Nous pourrions citer d’autres exemples d’homonymes et de termes polysémiques, mais il nous semble clair que le dégroupement permet un accès plus rapide et plus sûr à l’information recherchée. On sait que l’utilisateur de dictionnaire, et peut-être encore plus l’utilisateur de dictionnaire bilingue, stoppe la lecture lorsqu’il a trouvé, ou pense avoir trouvé, ce qu’il cherchait. C’est une observation que l’on retrouve chez Marello : ‘“ Les études expérimentales sur l’emploi des dictionnaires bilingues ont montré que l’utilisateur moyen arrête de lire l’article dès qu’il/elle trouve un équivalent à peu près convenable et ne poursuit pas sa recherche pour trouver un meilleur équivalent ” (Marello 1996 : 43)’. Ainsi, si l’information recherchée se trouve diluée dans un article long, l’utilisateur risque de se contenter de l’information la plus accessible. Le fait de présenter les homonymes et les termes polysémiques sous des adresses séparées et numérotées attire l’attention de l’utilisateur sur l’existence de sens distincts, qui sont “ visuellement ” repérables.
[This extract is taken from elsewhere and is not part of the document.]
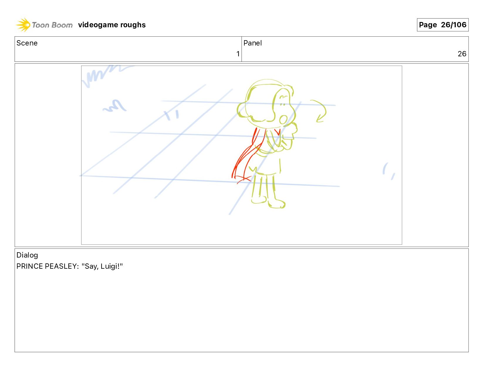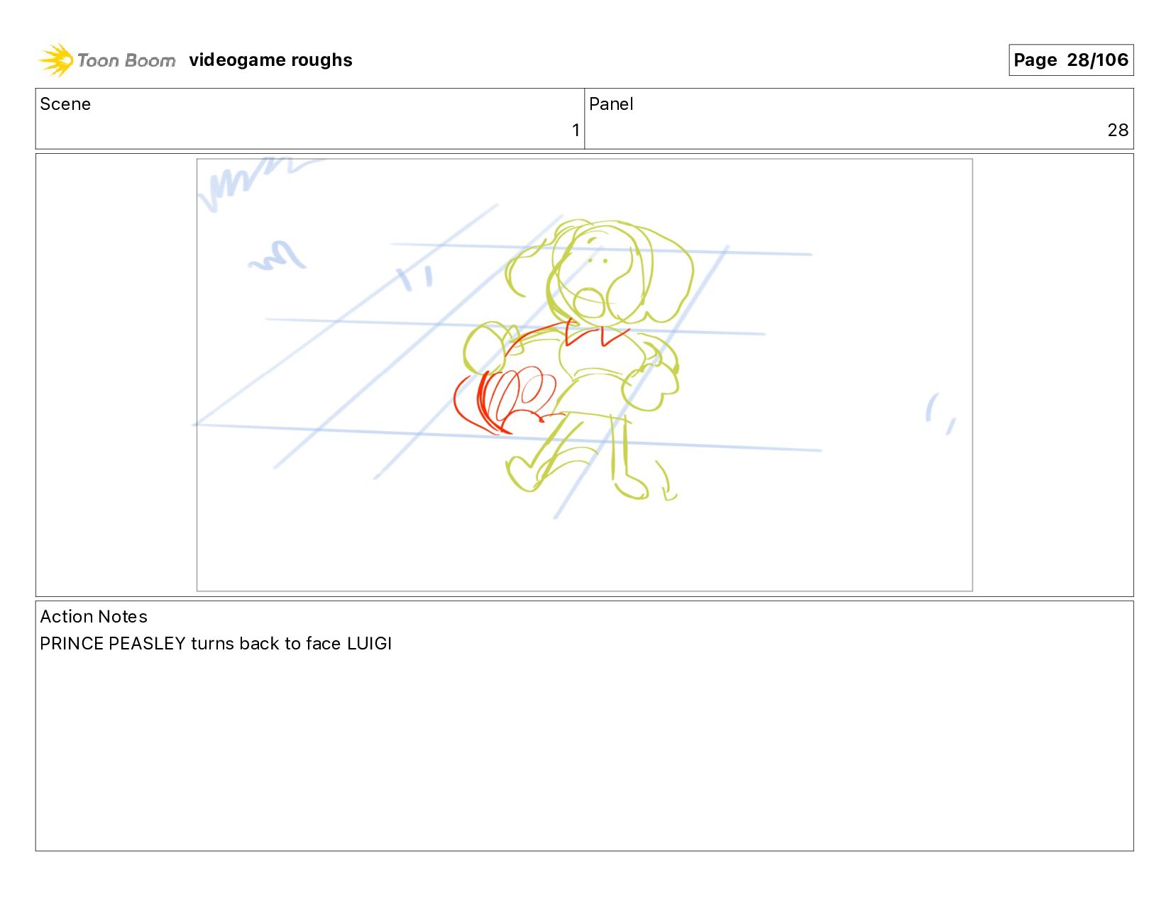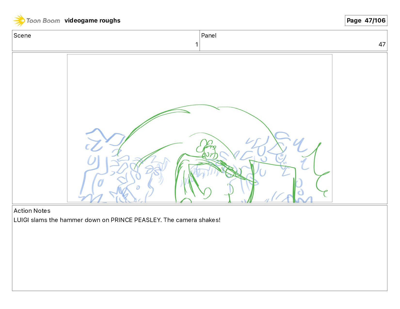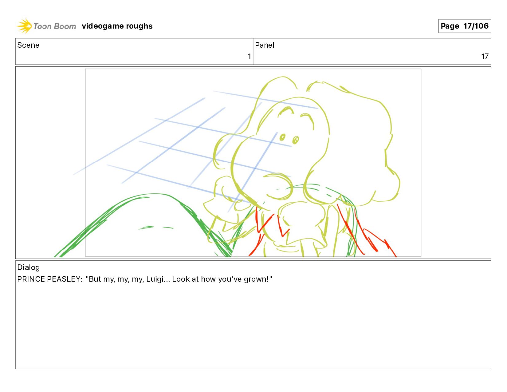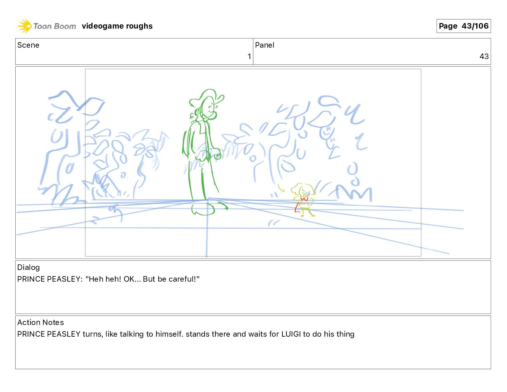me!" Action Notes PRINCE PEASLEY crawls towards LUIGI videogame roughs Page 9/106

Pour ce qui est des syntagmes formés à partir d’un terme simple, là encore, le terme simple et les syntagmes constituent des entrées séparées. Les exemples sont nombreux. Si nous reprenons l’exemple de inflação [inflation], cité plus haut, nous verrons que ce terme constitue une adresse, et que les syntagmes inflação de custos [inflation de coûts], inflação de demanda [inflation de demande], inflação de papel moeda [inflation de papier monnaie], inflação galopante [inflation galopante], inflação inercial [inflation auto-entretenue], inflação repimida [inflation contenue] constituent également des adresses, de façon graphiquement indépendante (toujours la question de la lisibilité et du repérage). Comme nous l’avons vu dans le chapitre 3, les “ séries ” de syntagmes formés à partir d’un terme sont nombreuses dans notre corpus. Nous leur avons toujours appliqué le même traitement, celui du dégroupement (il en est ainsi avec câmbio [change], comércio [commerce], mercado [marché], etc.).